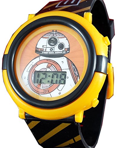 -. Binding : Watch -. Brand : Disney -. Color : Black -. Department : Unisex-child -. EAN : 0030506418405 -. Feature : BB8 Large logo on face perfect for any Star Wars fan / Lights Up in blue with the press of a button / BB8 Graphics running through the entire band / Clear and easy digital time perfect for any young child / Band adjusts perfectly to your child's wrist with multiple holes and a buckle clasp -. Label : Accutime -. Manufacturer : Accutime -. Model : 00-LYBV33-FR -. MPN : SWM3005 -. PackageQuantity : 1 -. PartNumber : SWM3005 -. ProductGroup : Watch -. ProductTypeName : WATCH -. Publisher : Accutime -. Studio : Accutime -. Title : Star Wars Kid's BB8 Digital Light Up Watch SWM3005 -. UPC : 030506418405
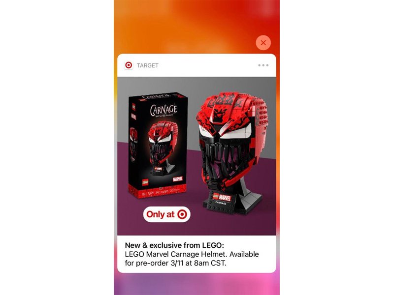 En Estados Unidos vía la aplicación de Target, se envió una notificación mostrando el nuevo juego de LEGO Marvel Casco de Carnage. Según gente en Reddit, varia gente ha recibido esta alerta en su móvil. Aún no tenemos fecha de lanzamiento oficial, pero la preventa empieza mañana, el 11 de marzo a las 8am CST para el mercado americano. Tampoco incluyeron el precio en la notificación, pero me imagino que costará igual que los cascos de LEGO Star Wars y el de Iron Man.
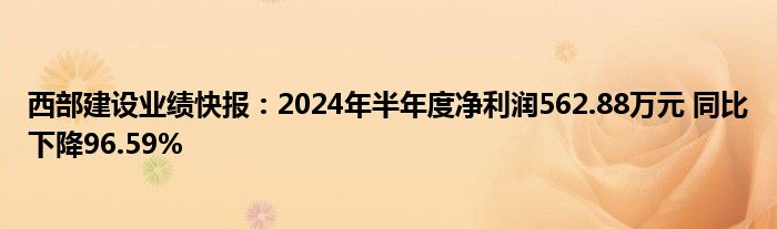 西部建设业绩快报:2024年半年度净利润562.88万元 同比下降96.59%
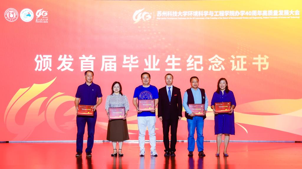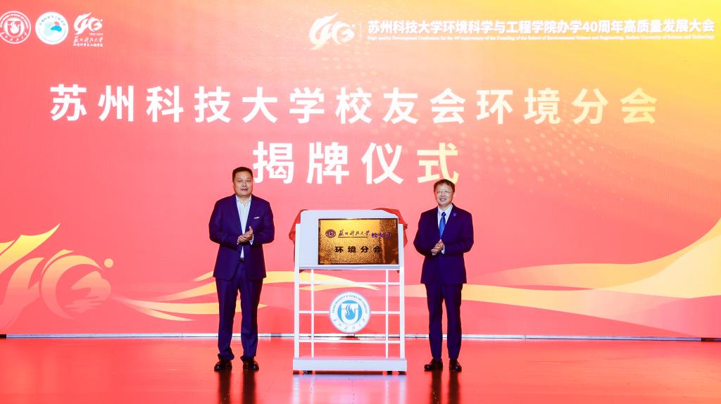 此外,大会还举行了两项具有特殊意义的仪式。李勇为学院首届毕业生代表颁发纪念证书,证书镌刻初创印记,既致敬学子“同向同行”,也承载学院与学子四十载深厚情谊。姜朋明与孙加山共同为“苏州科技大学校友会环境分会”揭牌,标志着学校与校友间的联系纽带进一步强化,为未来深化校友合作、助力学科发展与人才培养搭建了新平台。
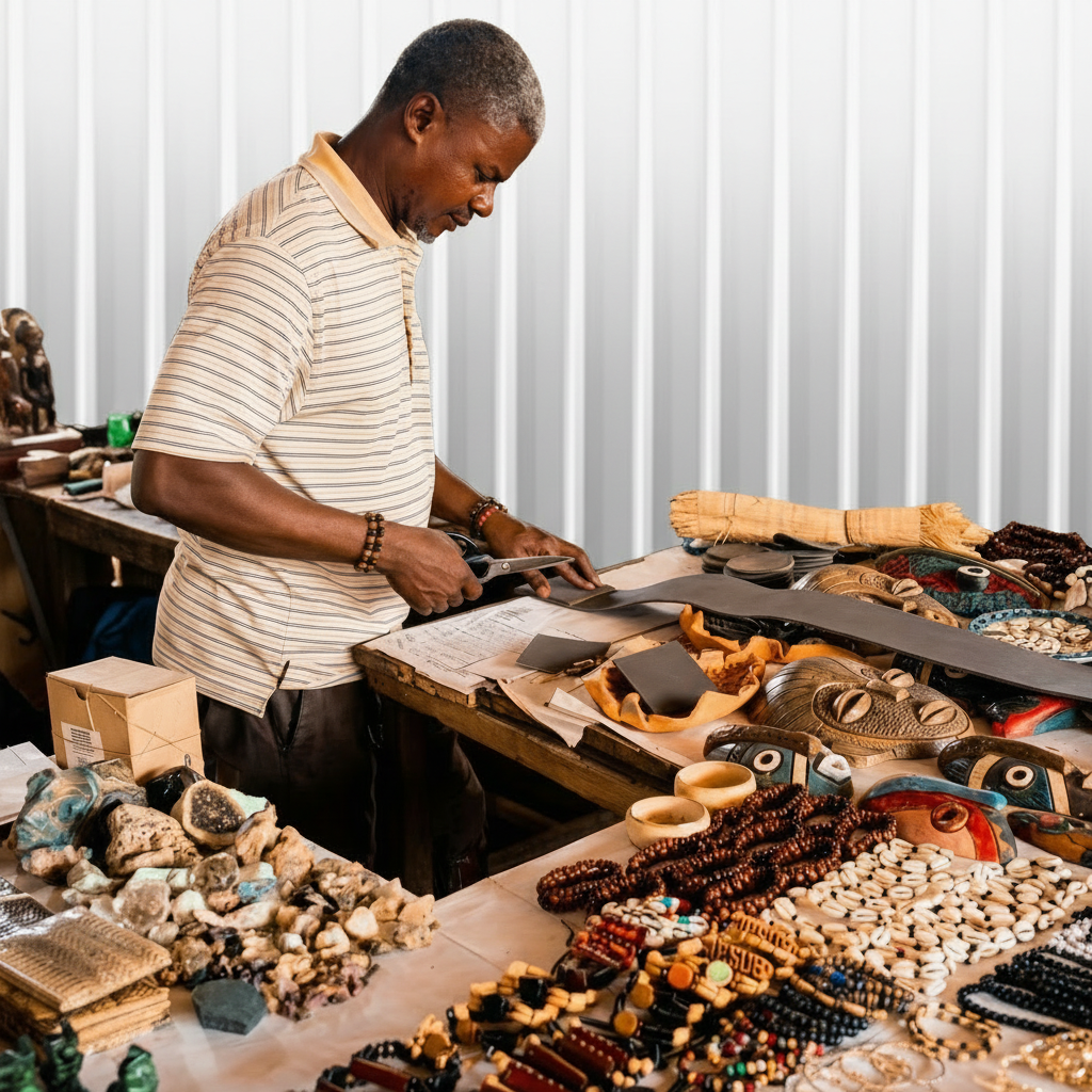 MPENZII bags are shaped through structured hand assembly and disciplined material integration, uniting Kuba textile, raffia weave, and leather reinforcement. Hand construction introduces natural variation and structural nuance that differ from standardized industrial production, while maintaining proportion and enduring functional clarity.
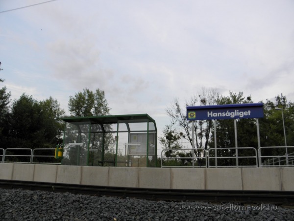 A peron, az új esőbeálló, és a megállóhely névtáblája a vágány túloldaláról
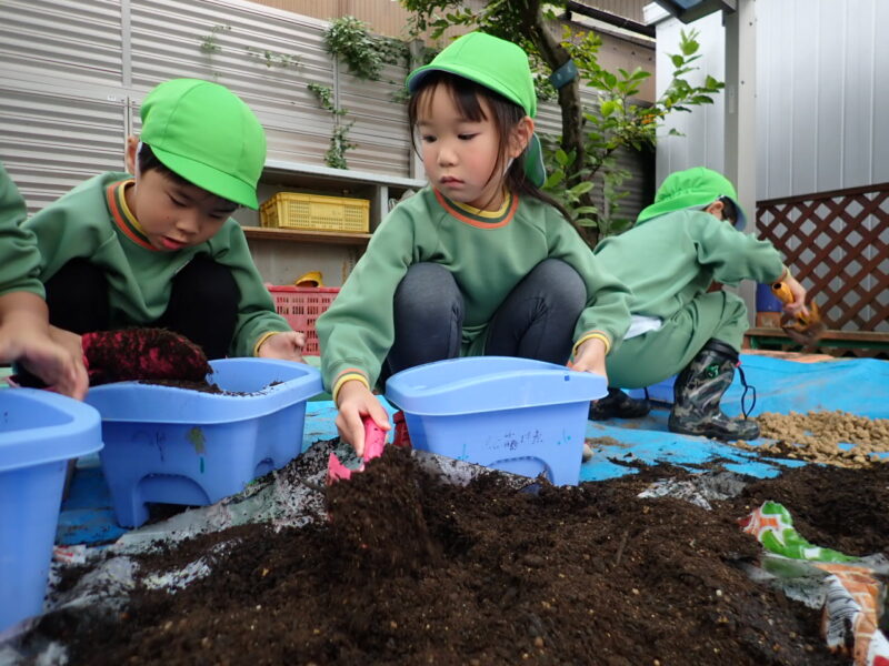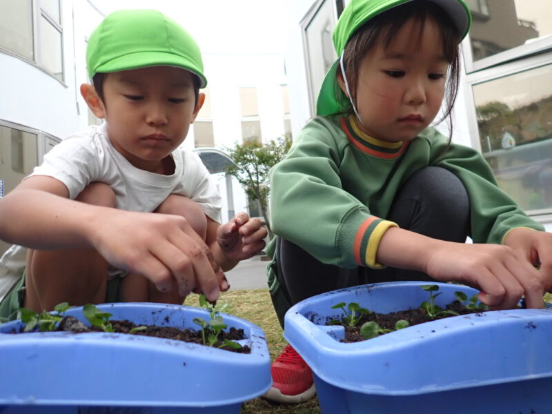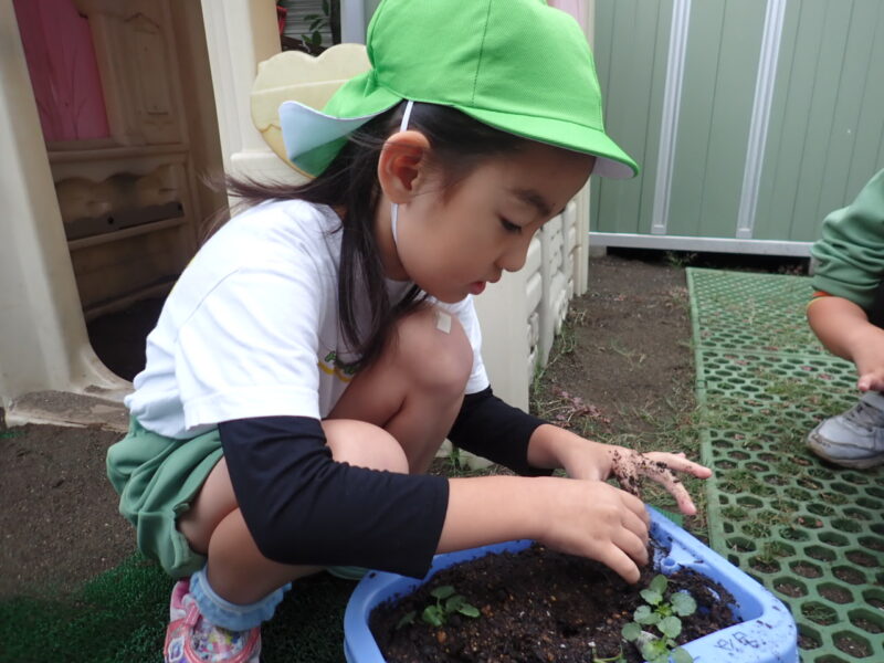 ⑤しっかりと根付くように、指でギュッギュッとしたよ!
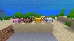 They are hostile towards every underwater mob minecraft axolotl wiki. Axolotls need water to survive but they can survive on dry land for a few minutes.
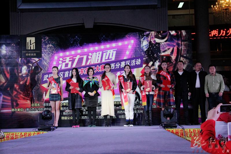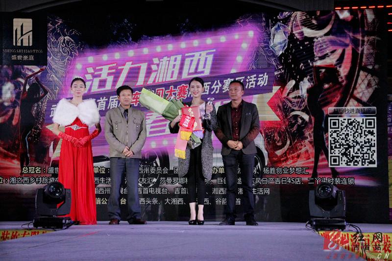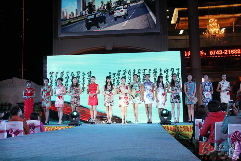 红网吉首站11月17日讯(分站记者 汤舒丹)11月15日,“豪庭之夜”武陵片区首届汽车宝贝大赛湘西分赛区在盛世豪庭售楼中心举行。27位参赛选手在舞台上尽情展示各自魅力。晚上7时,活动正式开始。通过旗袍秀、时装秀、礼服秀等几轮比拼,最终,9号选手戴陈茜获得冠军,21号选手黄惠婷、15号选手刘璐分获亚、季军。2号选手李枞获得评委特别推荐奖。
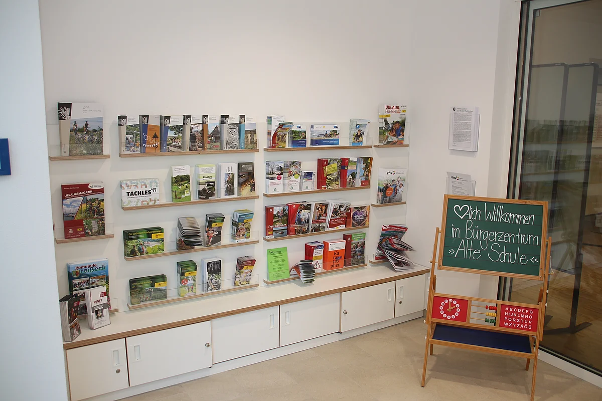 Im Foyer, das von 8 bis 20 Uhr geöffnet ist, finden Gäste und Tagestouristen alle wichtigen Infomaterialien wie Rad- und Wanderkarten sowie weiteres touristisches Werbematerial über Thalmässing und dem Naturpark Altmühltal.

.....

Your goal
Print the material above once more, exactly. No pictures belong in it.

Task output
 -. Binding : Watch -. Brand : Disney -. Color : Black -. Department : Unisex-child -. EAN : 0030506418405 -. Feature : BB8 Large logo on face perfect for any Star Wars fan / Lights Up in blue with the press of a button / BB8 Graphics running through the entire band / Clear and easy digital time perfect for any young child / Band adjusts perfectly to your child's wrist with multiple holes and a buckle clasp -. Label : Accutime -. Manufacturer : Accutime -. Model : 00-LYBV33-FR -. MPN : SWM3005 -. PackageQuantity : 1 -. PartNumber : SWM3005 -. ProductGroup : Watch -. ProductTypeName : WATCH -. Publisher : Accutime -. Studio : Accutime -. Title : Star Wars Kid's BB8 Digital Light Up Watch SWM3005 -. UPC : 030506418405
 En Estados Unidos vía la aplicación de Target, se envió una notificación mostrando el nuevo juego de LEGO Marvel Casco de Carnage. Según gente en Reddit, varia gente ha recibido esta alerta en su móvil. Aún no tenemos fecha de lanzamiento oficial, pero la preventa empieza mañana, el 11 de marzo a las 8am CST para el mercado americano. Tampoco incluyeron el precio en la notificación, pero me imagino que costará igual que los cascos de LEGO Star Wars y el de Iron Man.
 西部建设业绩快报:2024年半年度净利润562.88万元 同比下降96.59%
 此外,大会还举行了两项具有特殊意义的仪式。李勇为学院首届毕业生代表颁发纪念证书,证书镌刻初创印记,既致敬学子“同向同行”,也承载学院与学子四十载深厚情谊。姜朋明与孙加山共同为“苏州科技大学校友会环境分会”揭牌,标志着学校与校友间的联系纽带进一步强化,为未来深化校友合作、助力学科发展与人才培养搭建了新平台。
 MPENZII bags are shaped through structured hand assembly and disciplined material integration, uniting Kuba textile, raffia weave, and leather reinforcement. Hand construction introduces natural variation and structural nuance that differ from standardized industrial production, while maintaining proportion and enduring functional clarity.
 A peron, az új esőbeálló, és a megállóhely névtáblája a vágány túloldaláról
 ⑤しっかりと根付くように、指でギュッギュッとしたよ!
 They are hostile towards every underwater mob minecraft axolotl wiki. Axolotls need water to survive but they can survive on dry land for a few minutes.
 红网吉首站11月17日讯(分站记者 汤舒丹)11月15日,“豪庭之夜”武陵片区首届汽车宝贝大赛湘西分赛区在盛世豪庭售楼中心举行。27位参赛选手在舞台上尽情展示各自魅力。晚上7时,活动正式开始。通过旗袍秀、时装秀、礼服秀等几轮比拼,最终,9号选手戴陈茜获得冠军,21号选手黄惠婷、15号选手刘璐分获亚、季军。2号选手李枞获得评委特别推荐奖。
 Im Foyer, das von 8 bis 20 Uhr geöffnet ist, finden Gäste und Tagestouristen alle wichtigen Infomaterialien wie Rad- und Wanderkarten sowie weiteres touristisches Werbematerial über Thalmässing und dem Naturpark Altmühltal.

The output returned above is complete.